Cornwall:  Its Legends & Legacies

by Mark R. Vogel

         Cornwall is the most westerly county in the south-western peninsula of Great Britain.  A rather isolated peninsula, its verdant landscape is the product of heavy rainfall and a moderate climate tempered by the sea.   Its scenic coastlines are punctuated by granite hills and are a popular tourist attraction.  Even Sherlock Holmes vacationed there, although his respite was interrupted by yet another murder mystery to solve in the “Adventure of the Devil’s Foot.” 

            Cornwall is the birthplace of the mythical King Arthur and the Knights of the Round Table.  As the story goes, the sorcerer Merlin imbedded a sword within a stone and proclaimed that whoever could withdraw the blade would become king.  Arthur did so and was crowned by Merlin.  Other plots in the Arthurian saga include his victorious battles with the Romans, the quest for the Holy Grail, the adulterous relationship between his wife Guinevere and the famed knight Sir Lancelot, and Arthur’s ultimate demise by his nephew Mordred.  Historians to this day debate whether Arthur is completely fabricated or whether he was a real person.  It’s fairly certain he wasn’t an actual sovereign of England but he may have been a notable warrior who became the impetus for an elaborately embellished legend. 

            The actual history of Cornwall begins around 4500 BC, the age of the oldest stone tools found in the area.  In 2500 BC Cornwall’s denizens began trading their tin and copper for bronze tools and gold with foreign civilizations.  In 1000 BC the Celts, a bellicose people from the European continent, settled in Cornwall and became the ancestors of modern day Cornishmen.  Cornwall was subsequently dominated by the Romans, the Saxons, and then after the Norman Conquest, finally began its integration into modern day England.

            Cornwall, being nearly surrounded by the sea, naturally employs seafood in its traditional cuisine.  However, potatoes, turnips, dairy products, eggs, biscuits, puddings, and the world renowned Cornish pasty (a pastry filled with meat and vegetables and sometimes fish), are also culinary mainstays.  But it’s the Cornish hen that my historical meandering has ultimately led us to. 

            Cornish hen is a breed of poultry that originated in Cornwall.  According to the USDA, a Cornish hen is a chicken of Cornish ancestry, six weeks of age or younger, that weighs less than two pounds.  They are smaller than other poultry and have short legs and broad breasts.  Their flesh is succulent and they provide a proportionately high amount of breast meat for their diminutive stature.  Cornish hens are regularly bred with other chickens to produce a range of commercial fowl.  For example, the chicken mogul Donald Tyson created the Rock Cornish hen in 1965 by cross breeding Cornish hens with White Rock hens.  Rock Cornish hens tend to be larger than regular Cornish hens.  And don’t be fooled by the word “hen.”  Your Cornish hen may actually be a Cornish rooster. 

            All of the guidelines for selecting, storing and cooking standard chickens apply to Cornish hens.  Look for plump specimens with unblemished skin.  Use within twenty-four hours or freeze them (remove the giblets and freeze seperately).  Cook them in the same manner and to the same temperature you would a regular chicken.
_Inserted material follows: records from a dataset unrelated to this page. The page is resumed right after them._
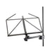 Grande porta-partituras dobrável com braço extensor de aço, para ser aparafusado em tubos de suporte verticais. A faixa de fixação dos tubos está entre ø 11 e ø 30 mm. <... Veja mais
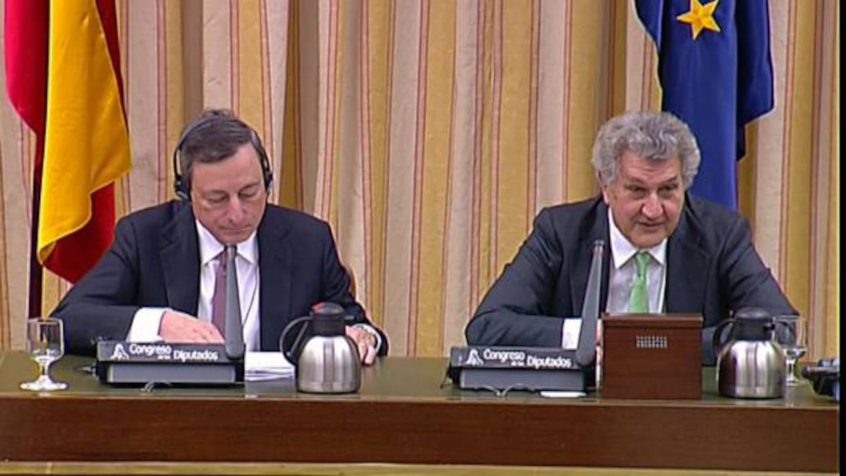Mario Draghi pudo este martes comprobar de primera mano el clima social que algunas de las heridas más graves de la crisis están causando entre los españoles: una mezcla rara de enfado, desánimo y sobre todo frustración. Mientras en la calle protestaban los activistas contra los desahucios, el presidente del Banco Central Europeo (BCE) compareció en el Congreso de los Diputados para reconocer los avances y reformas llevados a cabo en España, que sufre su segunda recesión económica en tres años, pero también para dejar claro que la austeridad sigue siendo necesaria y que la estabilidad de los mercados demanda hojas de ruta concretas a los países de la Eurozona. Es precisamente la falta de concreción en los programas de ajustes lo que en varias ocasiones los inversores han recriminado al Gobierno de Mariano Rajoy desde que llegó al Gobierno.
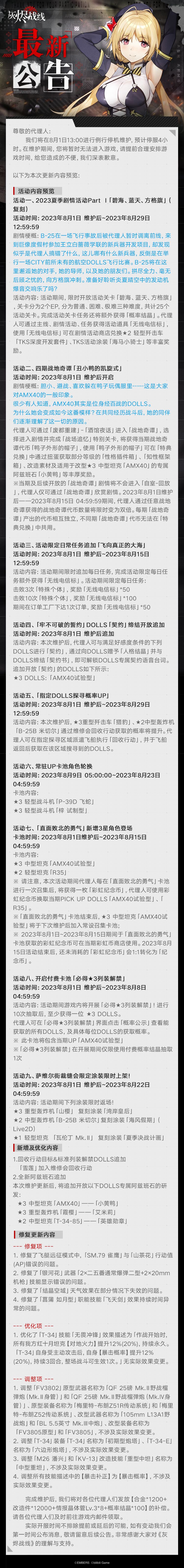【灰烬战线】2023年8月1日更新维护公告
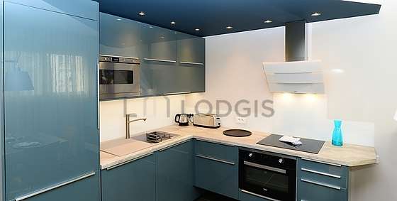 Este apartamento posee una cocinay todo el equipamiento esencial para su vida diaria : placas eléctricas, refrigerador, congelador, horno, micro ondas, campana extractora, tostador, hervidor, armario empotrado, vajilla.
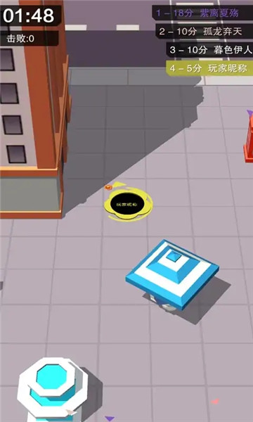 2、不断移动来吞噬掉更多的物品,让自己的分数蹭蹭蹭的往上涨,顺利晋升排行榜前列。
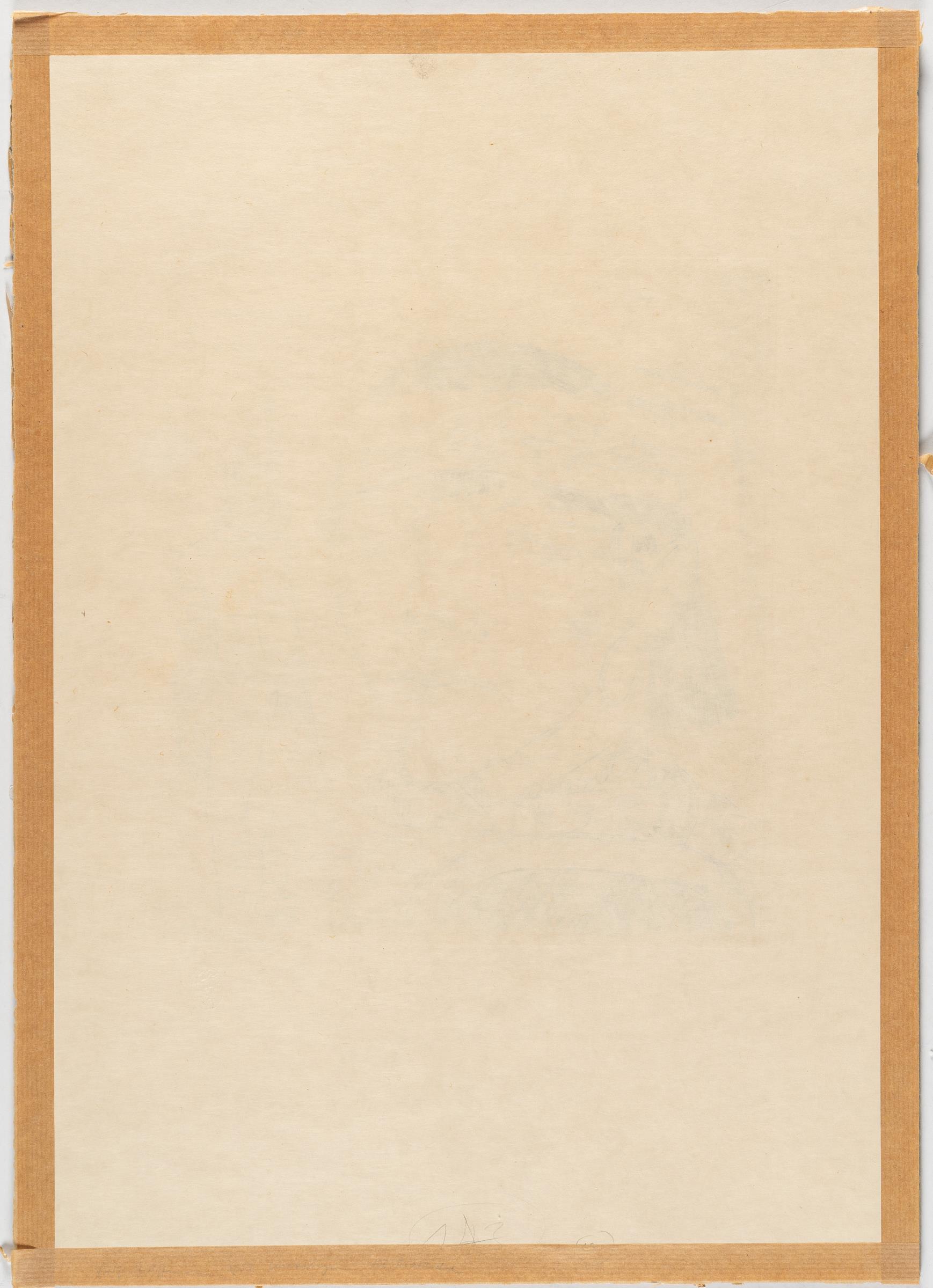 Im Plattenrand schwach gebräunt, vereinzelte winzige Fleckchen und leichte Griffknicke. Blattränder schwach bestoßen und teils mit kleinen Quetschfalten durch verso umlaufendes Montierungsband, dies leicht nach recto durchdrückend.
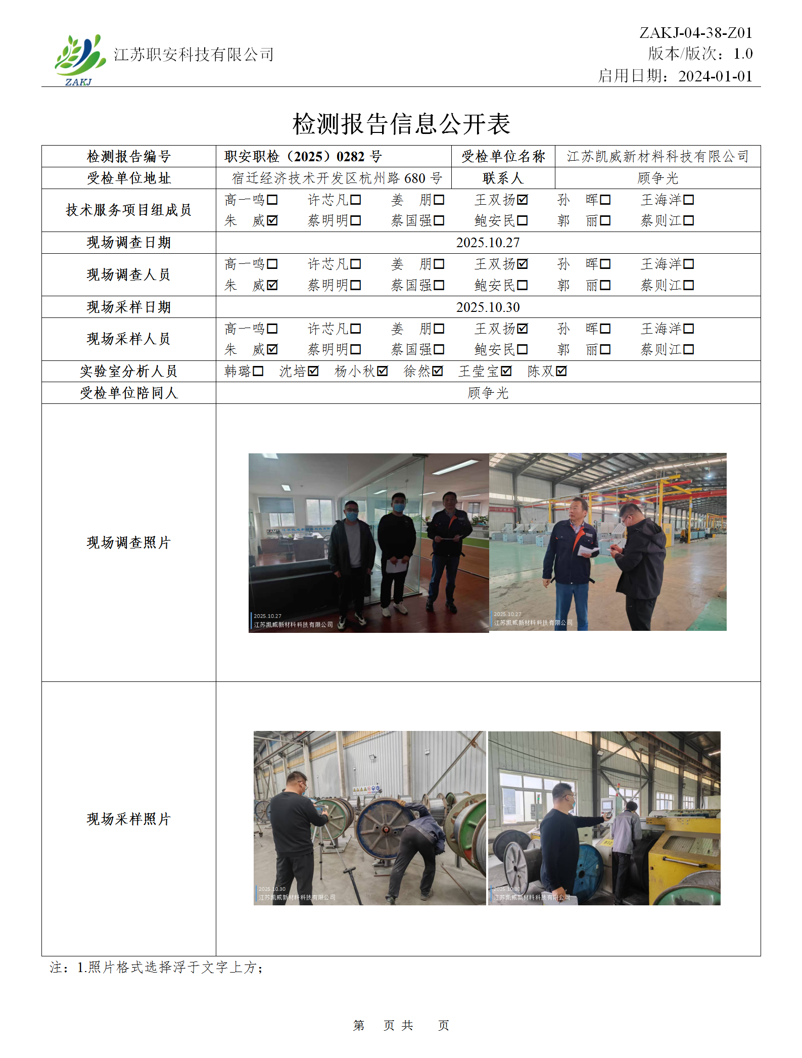 檢測報告公示

Personally, I think roasting them is the best.  Cornish hens make for an elegant alternative to traditional fowl.  Serve one hen per person.




4 garlic cloves, roughly chopped

Rosemary, chopped, as needed

Thyme, chopped as needed

1 medium onion, chopped

Olive oil as needed

Juice of half a lemon

Salt & pepper to taste

2 Cornish hens

4 oz white wine

4 oz chicken stock

2 bay leaves

1 tablespoon butter


           Preheat the oven to 350.  Divide the garlic, rosemary and thyme in half.   Mix the onion with half of the garlic, rosemary, and thyme.  Add some olive oil, the lemon juice, salt and pepper.  Save the other half of the garlic, rosemary and thyme for the sauce.  Brush the inside and outside of the hens with olive oil and sprinkle with salt and pepper.  Fill the cavity of each hen with half of the onion mixture. Press it in with a fork or spoon.  Trussing is not necessary. 

            Roast the hens until the meat reaches 165 degrees.  This will take about forty-five minutes, but ovens and hens vary, so use a meat thermometer.  When done, remove the hens from the roasting pan and cover them with foil to keep warm.  Place the roasting pan on the stove and deglaze the pan on high heat with the wine, scraping the browned bits off the bottom of the pan.  Add the stock, the remainder of the garlic, rosemary and thyme, the bay leaves, salt and pepper.  Cook on high heat until reduced by at least half.  Finish the sauce with butter and strain.